┌──

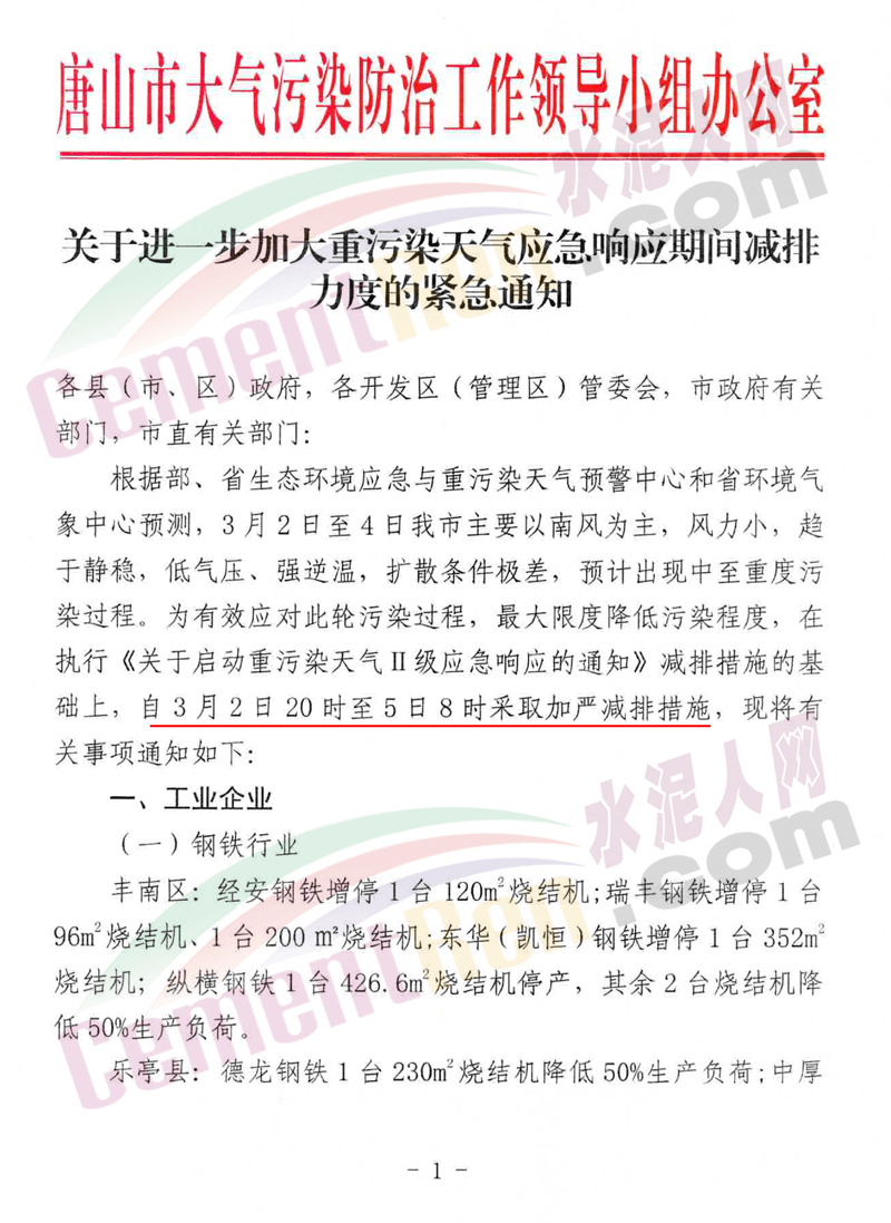 据水泥人网了解:日前,唐山市大气污染防治工作领导小组办公室发布《关于进一步加大重污染天气应急响应期间减排力度的紧急通知》称,根据部、省生态环境应急与重污染天气预警中心和省环境气象中心预测,3月2日至4日唐山市主要以南风为主,风力小,趋于静稳,低气压、强逆温,扩散条件极差,预计出现中至重度污染过程。
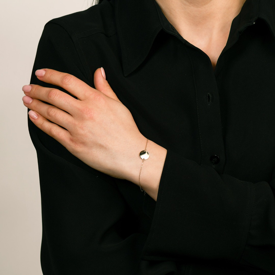 Alege cadoul perfect ce poate fi personalizat cu nume, simboluri sau detalii reprezentative. Brățară reglabilă din aur galben de 14K.
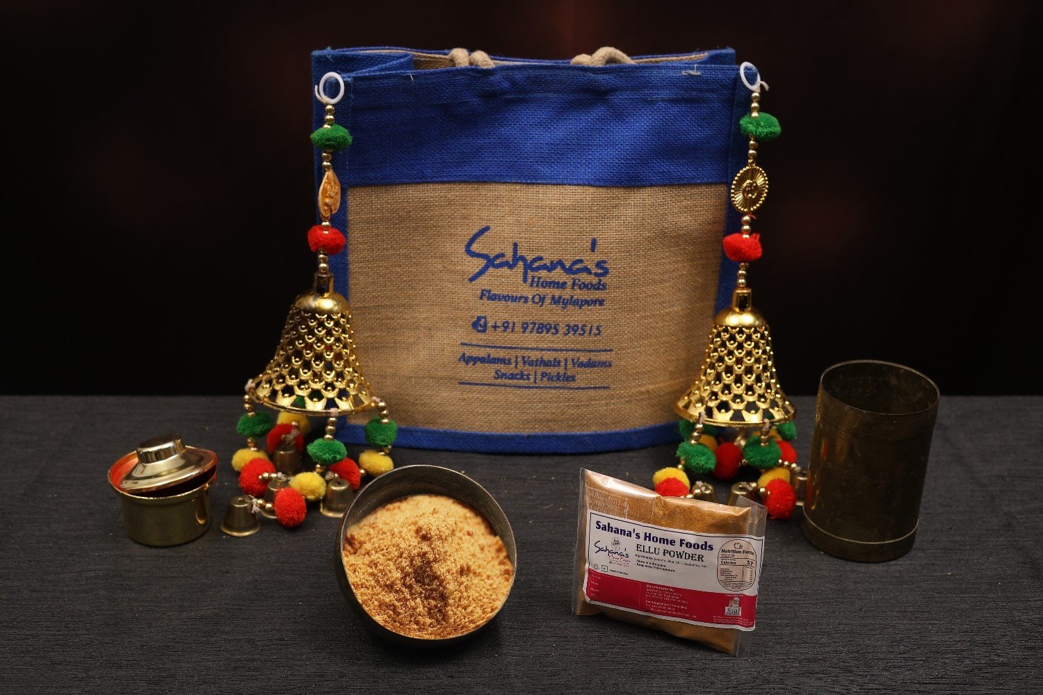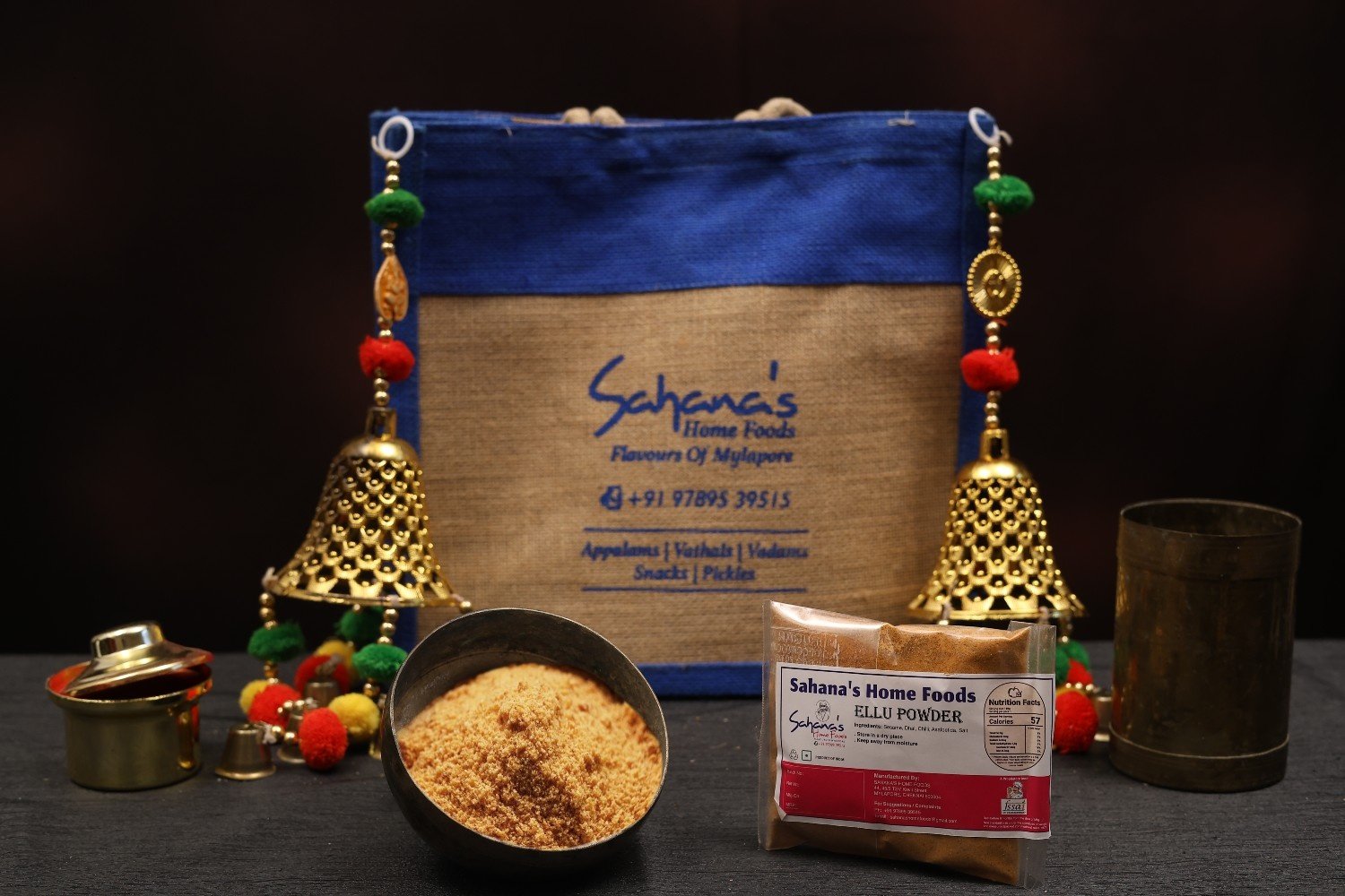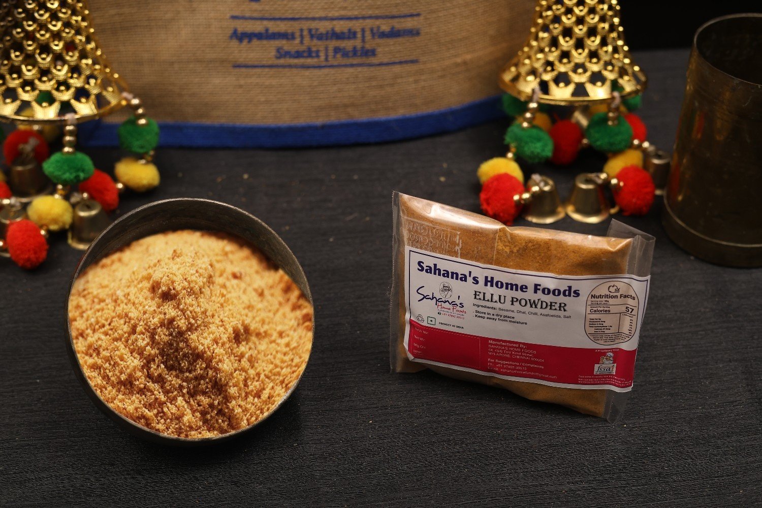 Nutty sesame seed powder, rich in calcium and typically eaten with rice or idli.
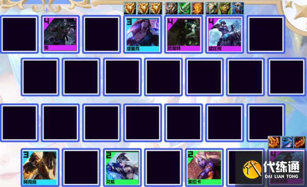 2、阵容羁绊:3巨神4前手2堡垒2弗雷尔卓德2神愉者

└──

**WORK ORDER:**
Could all the data above be given again exactly, leaving out its images?

**WRITTEN ANSWER:**
 据水泥人网了解:日前,唐山市大气污染防治工作领导小组办公室发布《关于进一步加大重污染天气应急响应期间减排力度的紧急通知》称,根据部、省生态环境应急与重污染天气预警中心和省环境气象中心预测,3月2日至4日唐山市主要以南风为主,风力小,趋于静稳,低气压、强逆温,扩散条件极差,预计出现中至重度污染过程。
 Alege cadoul perfect ce poate fi personalizat cu nume, simboluri sau detalii reprezentative. Brățară reglabilă din aur galben de 14K.
 Nutty sesame seed powder, rich in calcium and typically eaten with rice or idli.
 2、阵容羁绊:3巨神4前手2堡垒2弗雷尔卓德2神愉者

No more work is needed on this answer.